The announcement is to be made at 9:00 pm from the East Room of the White House.
What we know:
- Mitch McConnell has promised that the vote will take place prior to the November mid-term elections.
- Democrats are left with little power to block Trump’s Supreme Court nominee; thanks to Harry Reid and Barack Obama, rule changes mean a candidate can be approved with a simple majority.

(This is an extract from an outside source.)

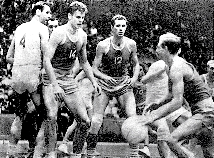 20 июля. Москва. Матч финального турнира IV Спартакиады народов СССР-1967 Украина – Литва – 56:51. Слева направо: Анатолий Поливода, Гедиминас Будникас, Модестас Паулаускас, Василий Окипняк, Ромуальдас Вензбергас. После этой победы Украина возглавила турнирную таблицу

- The potential nominees were narrowed down from a list of 25 administration-approved judges, former judges and one member of Congress, as curated by Leonard Leo, executive vice president of the Federalist Society and Trump’s top Supreme Court adviser. President Trump’s Supreme Court List
There are several “winners” on President Trump’s short list. President Trump said Sunday that:
“We are close to making a decision. Let’s just say it’s the four people. They’re excellent. Every one you can’t go wrong.”

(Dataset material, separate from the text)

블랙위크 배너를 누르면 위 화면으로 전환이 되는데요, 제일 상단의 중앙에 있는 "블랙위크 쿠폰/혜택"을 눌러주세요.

These are rumored to be the four likely candidates, all Federal Appeals Court judges:
- Amy Coney Barrett of Indiana, U.S. Court of Appeals for the Seventh Circuit (age 46), graduate of Notre Dame Law School.

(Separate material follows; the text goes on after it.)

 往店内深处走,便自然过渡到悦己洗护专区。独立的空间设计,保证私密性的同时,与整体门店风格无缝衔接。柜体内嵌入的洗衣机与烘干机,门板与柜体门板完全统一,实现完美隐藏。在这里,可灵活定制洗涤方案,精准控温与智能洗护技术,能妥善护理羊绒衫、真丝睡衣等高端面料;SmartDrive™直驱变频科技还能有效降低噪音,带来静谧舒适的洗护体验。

- Thomas Hardiman of Pennsylvania, U.S. Court of Appeals for the Third Circuit (age 53), graduate of Georgetown Law School.
- Brett Kavanaugh of Maryland, U.S. Court of Appeals for the D.C. Circuit (age 53), graduate of Yale Law School.
- Raymond Kethledge of Michigan, U.S. Court of Appeals for the Sixth Circuit (age 51), graduate of University of Michigan Law School.
More about the background and experience of the potential nominees:
All of the candidates are young, and no matter which one is selected, he/she could shape legal doctrine for several decades. All are conservatives, intelligent, educated, and experienced.
Judge Barrett is the least experienced, and potentially most controversial. She is known to be a devout Catholic, and was questioned closely about her beliefs during her confirmation hearing last year. She would almost certainly be targeted for questioning about her beliefs concerning abortion, and how they would influence her decision regarding any challenges to Roe v. Wade that might come before the court.
Raymond Kethledge is a close friend of Justice Neil Gorsuch, and said to be his “ideological twin, his intellectual peer, his real-life fishing buddy, and his close personal friend.” He is the only non-Catholic of the four shortlisters, and an evangelical Christian.
Thomas Hardiman has a strong record in favor of gun rights. When the court he serves on upheld a New Jersey law requiring a gun owner to obtain a permit to carry a gun in public places and to show that he has “a justifiable need”, Hardiman dissented, saying that it was a violation of the Second Amendment to the Constitution by requiring those seeking to carry a handgun to demonstrate a “justifiable need” for such a permit. Hardiman was the first in his family to attend college. He attended Notre Dame for his undergraduate degree and then Georgetown law, paying his way through school by driving a taxi. He serves on the same Court as did the sister of President Trump. Maryanne Trump Barry supported Hardiman’s nomination when he was last considered for the Supreme Court, in 2017.
According to National Review, regarding Brett Kavanaugh: “On the vital issues of protecting religious liberty and enforcing restrictions on abortion, no court-of-appeals judge in the nation has a stronger, more consistent record than Judge Brett Kavanaugh. On these issues, as on so many others, he has fought for his principles and stood firm against pressure. He would do the same on the Supreme Court.” Kavanaugh was Staff Secretary in the Executive Office of the President of the United States under President George W. Bush. Kavanaugh played a lead role in drafting the Starr report, which urged the impeachment of President Bill Clinton. He also led the investigation into the suicide of Clinton aide Vincent Foster. After the 2000 U.S. Presidential election, Kavanaugh worked for the George W. Bush campaign in the Florida recount. In 2003, he was nominated to the Appeals Court, but the nomination was stalled until 2006 because of charges of partisanship.
What do I think? I like all of the nominees, although the two most conservative nominees – Barrett and Kavanaugh – will face the most opposition. I like Barrett very much, but she has the least amount of experience, and might be a better replacement later on for, say, Ginsburg or Sotomayor.
My personal favorite? Raymond Kethledge. He just edges out Barrett in my estimation, but I would be pleased with any of them.